> Exercise materials:
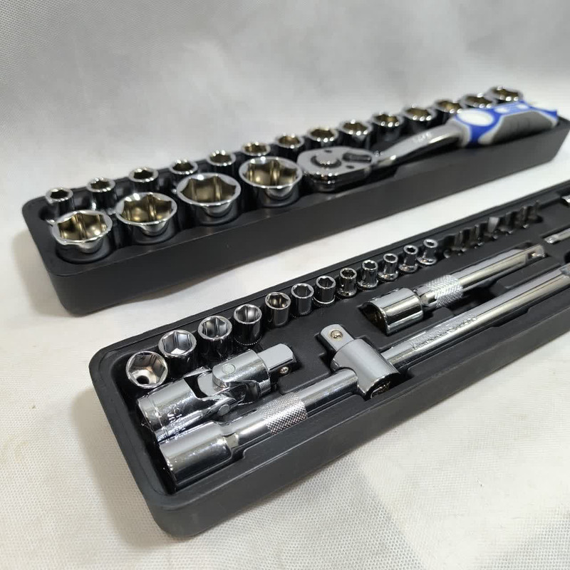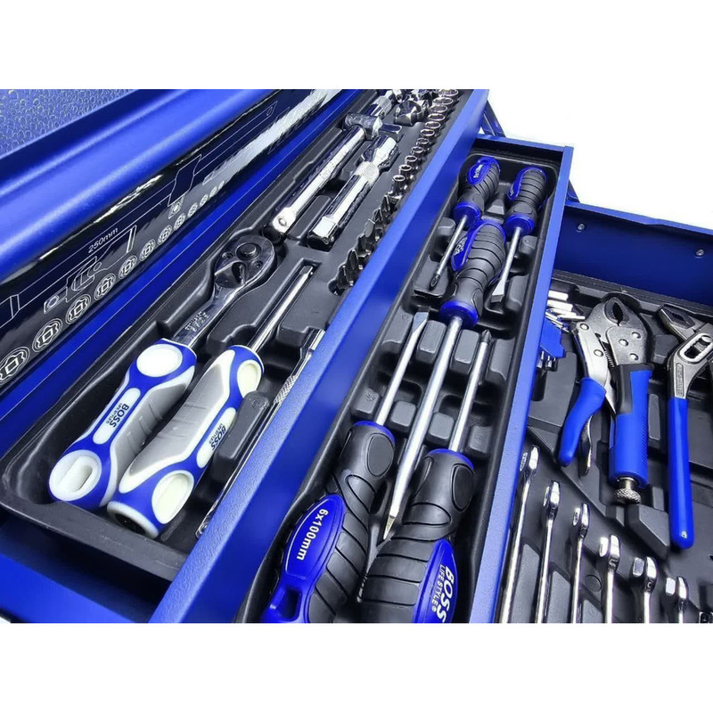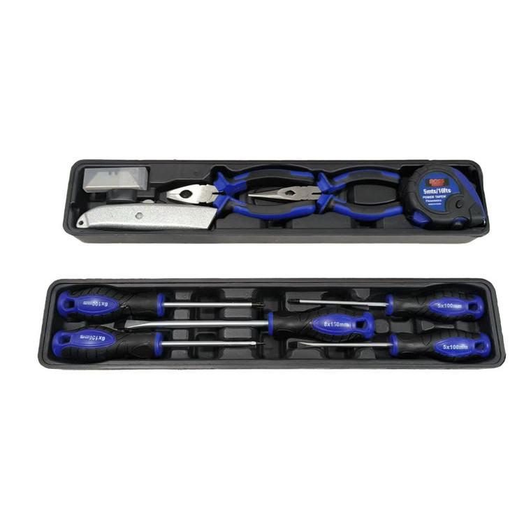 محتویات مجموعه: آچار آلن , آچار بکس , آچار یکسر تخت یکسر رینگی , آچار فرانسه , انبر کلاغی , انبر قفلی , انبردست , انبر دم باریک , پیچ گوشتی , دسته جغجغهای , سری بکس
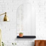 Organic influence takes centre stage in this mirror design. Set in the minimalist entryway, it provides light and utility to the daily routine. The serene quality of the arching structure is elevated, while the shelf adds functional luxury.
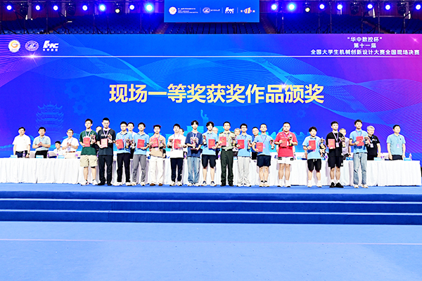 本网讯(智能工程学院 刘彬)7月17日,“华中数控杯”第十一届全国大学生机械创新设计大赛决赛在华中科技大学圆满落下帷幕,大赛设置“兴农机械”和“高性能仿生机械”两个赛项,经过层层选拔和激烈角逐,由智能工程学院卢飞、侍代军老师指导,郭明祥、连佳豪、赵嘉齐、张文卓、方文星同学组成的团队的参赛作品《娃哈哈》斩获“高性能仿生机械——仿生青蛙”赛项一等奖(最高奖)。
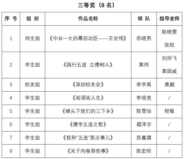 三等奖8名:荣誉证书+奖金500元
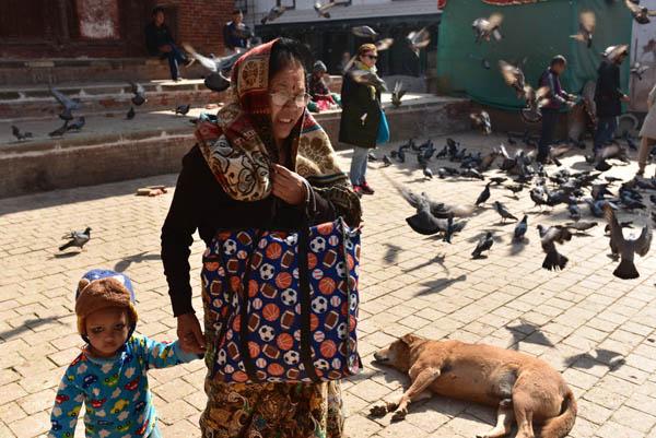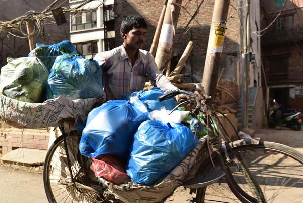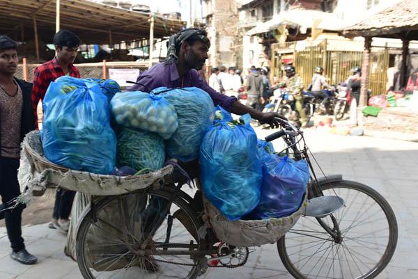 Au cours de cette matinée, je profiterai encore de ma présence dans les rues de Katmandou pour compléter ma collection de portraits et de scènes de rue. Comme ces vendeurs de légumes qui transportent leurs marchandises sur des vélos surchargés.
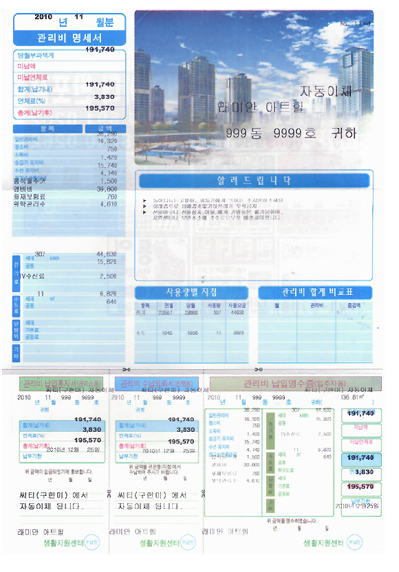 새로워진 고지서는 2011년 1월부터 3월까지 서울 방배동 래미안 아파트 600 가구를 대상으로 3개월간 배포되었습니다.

> About this task: Return, exactly as they stand, the lines above from the one with "本网讯(智能工程学院 刘彬)" to the one with "三等奖8名:荣誉证书+奖金500元", omitting any pictures among them.

> Completed task:
 本网讯(智能工程学院 刘彬)7月17日,“华中数控杯”第十一届全国大学生机械创新设计大赛决赛在华中科技大学圆满落下帷幕,大赛设置“兴农机械”和“高性能仿生机械”两个赛项,经过层层选拔和激烈角逐,由智能工程学院卢飞、侍代军老师指导,郭明祥、连佳豪、赵嘉齐、张文卓、方文星同学组成的团队的参赛作品《娃哈哈》斩获“高性能仿生机械——仿生青蛙”赛项一等奖(最高奖)。
 三等奖8名:荣誉证书+奖金500元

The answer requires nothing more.